#### Work item
All lines from the opening of the material up to and including the line with "S$300 spend) |" should be transcribed exactly, pictures excepted.

#### Working data
"""
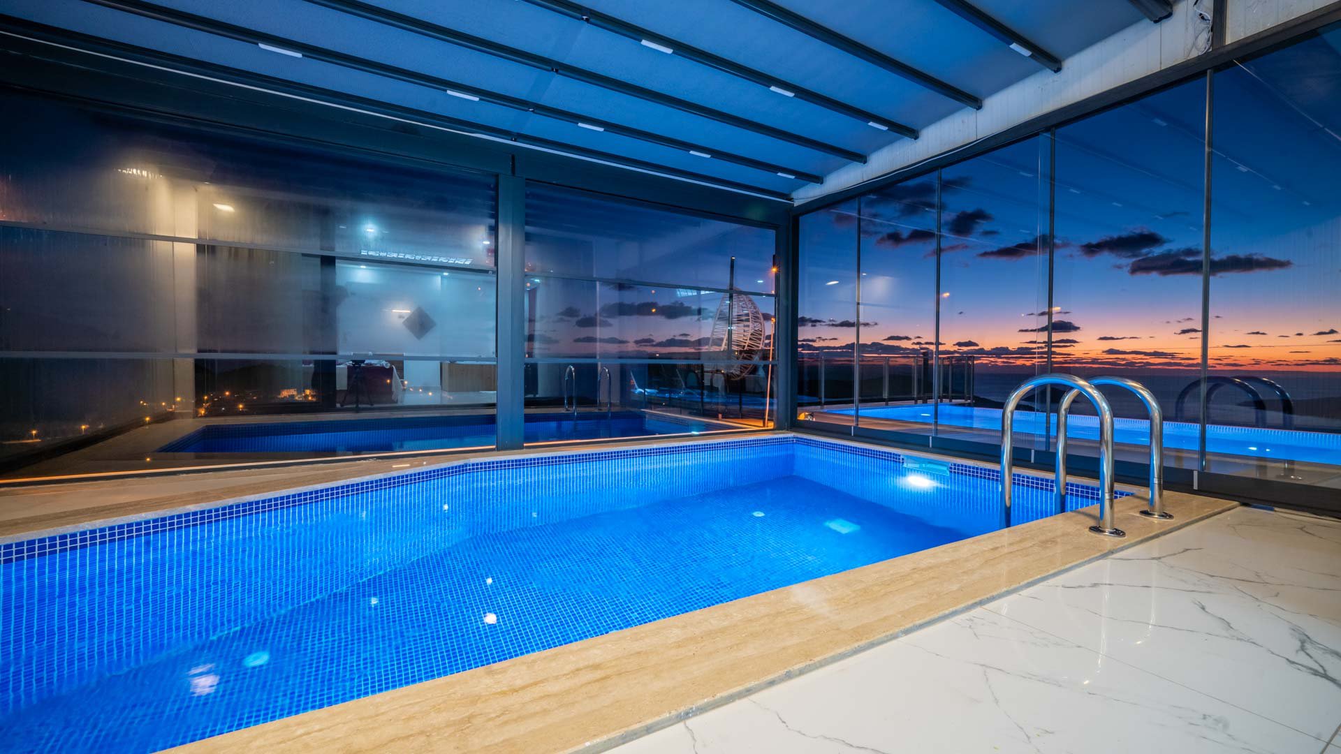 Our villa, located in the heart of the magnificent sea view, has 2 bedrooms, 2 bathrooms with an open-plan lounge/kitchen area and offers our guests the opportunity to experience the magic of nature at any time thanks to its large glass doors.
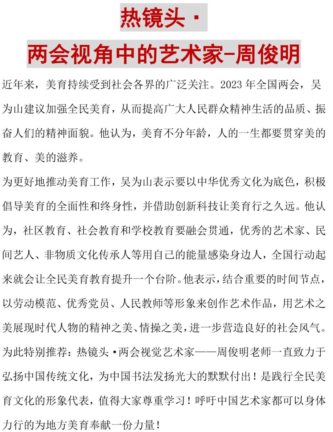 \ 热镜头·两会视角中的艺术家-周俊明
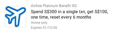 | Airline | S$100 per 6 mo. (Min. S$300 spend) |
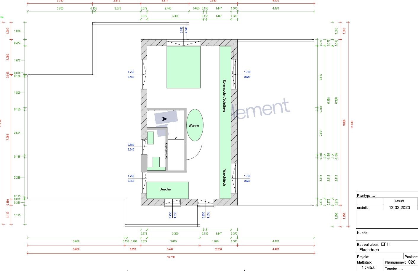 Meine Warnung, so dürfe das eventuell nicht gebaut werden, ist damit gestorben - nicht hingegen mein Hinweis: wenn man Effizienzhaus auch nur ansatzweise ernst meint, rudert ein solch´ ungünstiges Mantel-Volumen-Verhältnis zu stark in die Gegenrichtung. Schon die Flächenaufteilung EG:OG von etwa 4 : 1 würde ich auf schlimmstenfalls 2,5 : 1 abmildern (und das OG auch nicht in den Proportionen eines Seecontainers draufsetzen). Ein Oval Office könnte ja ganz schick sein - auch mit nicht im Schlafzimmer stehender Wanne. Habe ich es eigentlich überlesen, oder gab es noch keine Stellungnahme zu meiner Verwunderung über einerseits "Holzrahmen" aber andererseits Massivbau-"Mauer"öffnungsmaße ?
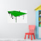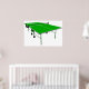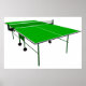 Uma mesa de ping pong verde e pronta para ser tocada. Esta design parece realmente eficaz nesta Poster
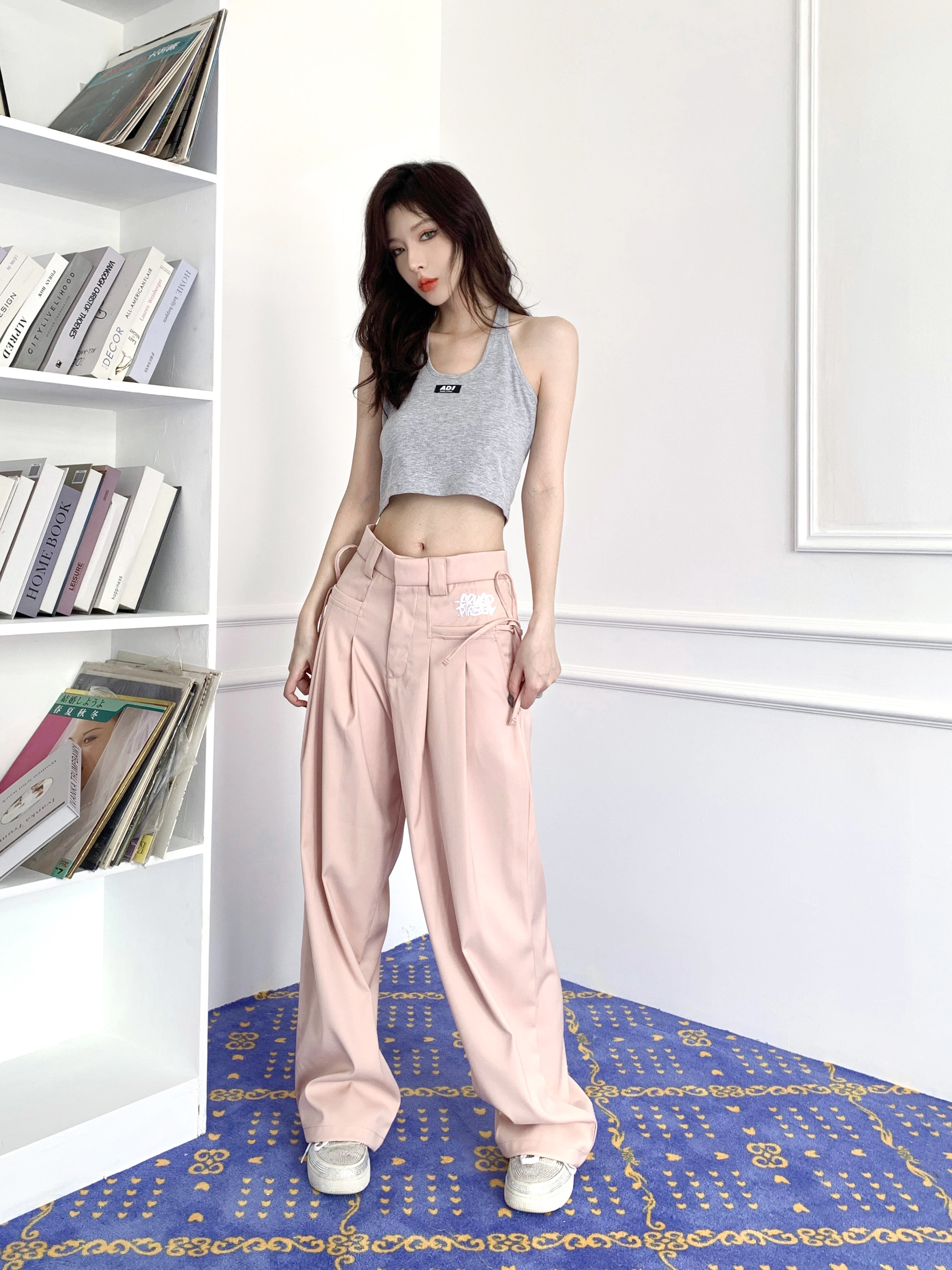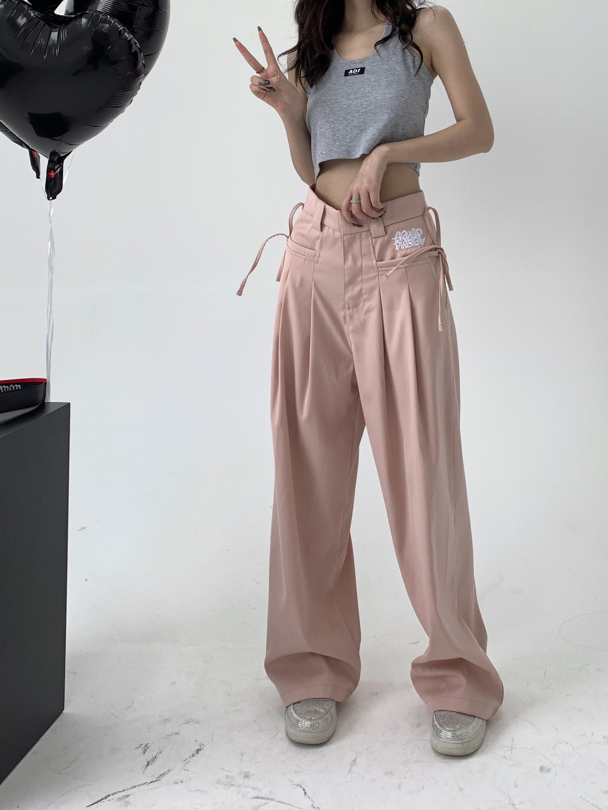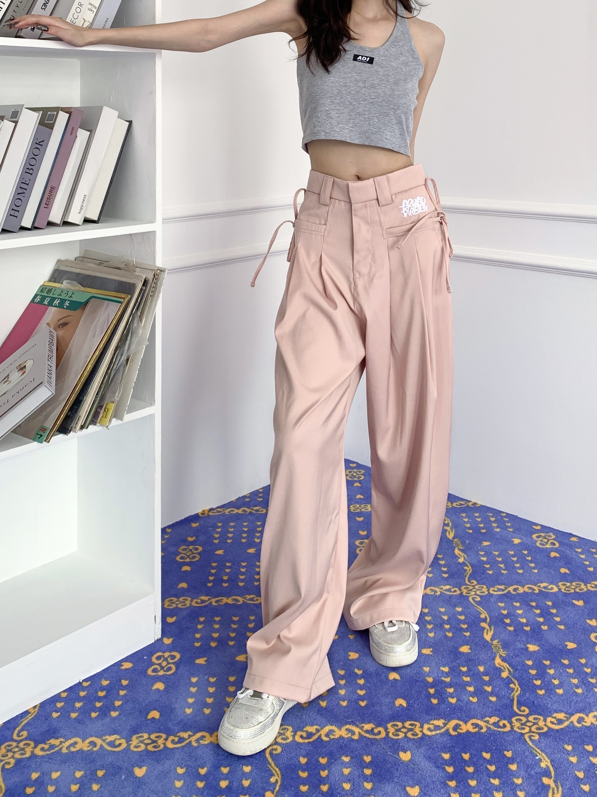 GRUGD DIRBEN pink loose casual suit pants niche straight trousers high waist drape wide leg pants
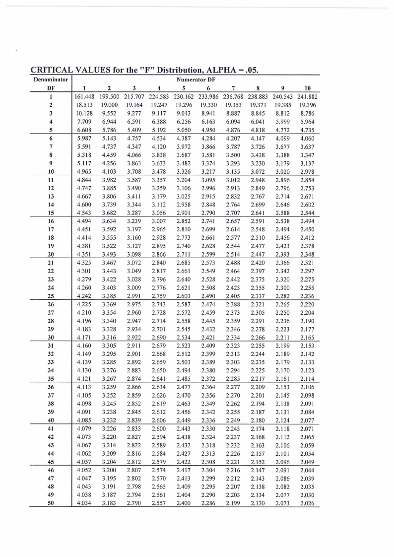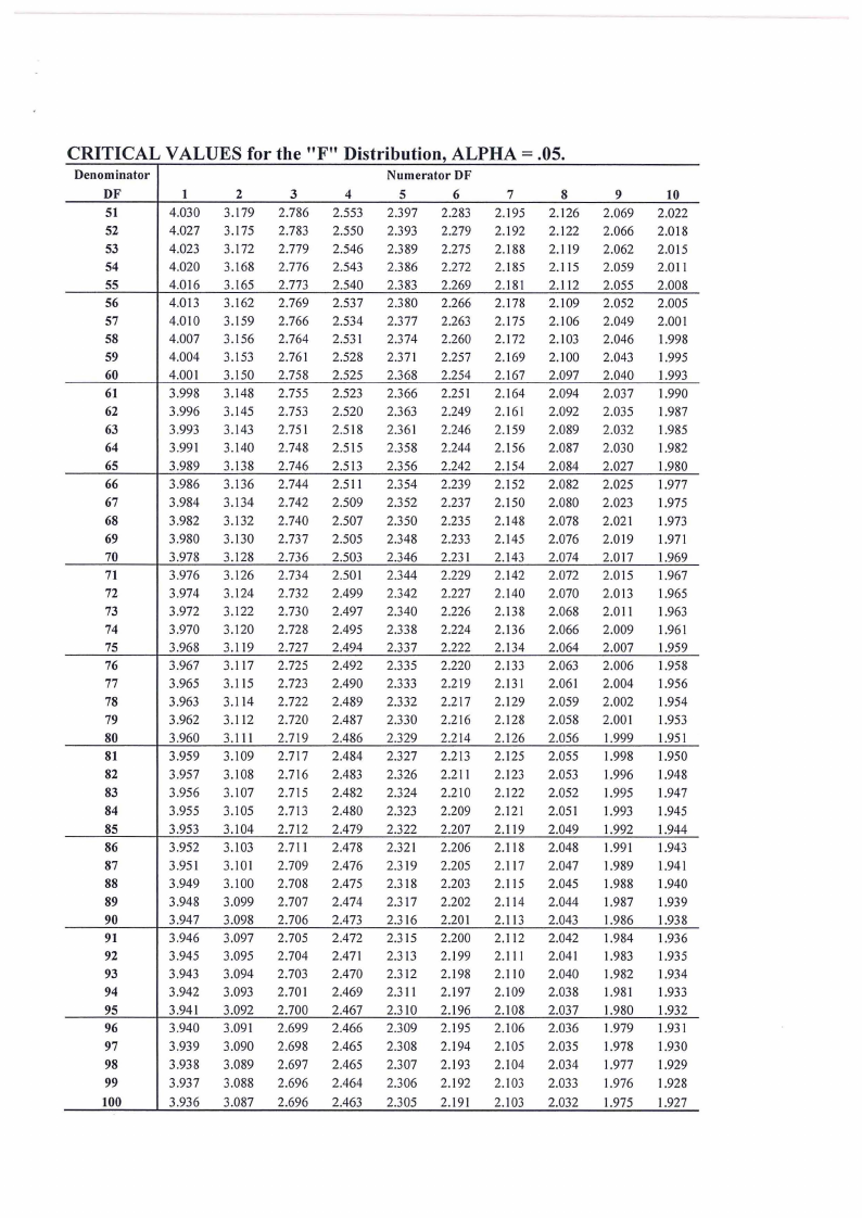 CRITICAL VALUES for the "F" Distribution, ALPHA= .05.
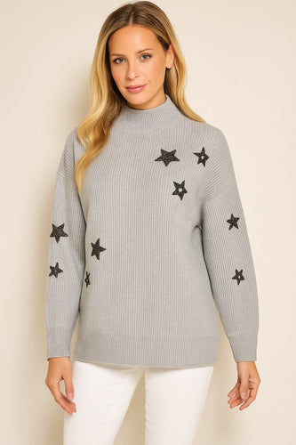 Embroidered Sleeve Top with Rhinestones - Black Square
"""
#### Answer section
 Our villa, located in the heart of the magnificent sea view, has 2 bedrooms, 2 bathrooms with an open-plan lounge/kitchen area and offers our guests the opportunity to experience the magic of nature at any time thanks to its large glass doors.
 \ 热镜头·两会视角中的艺术家-周俊明
 | Airline | S$100 per 6 mo. (Min. S$300 spend) |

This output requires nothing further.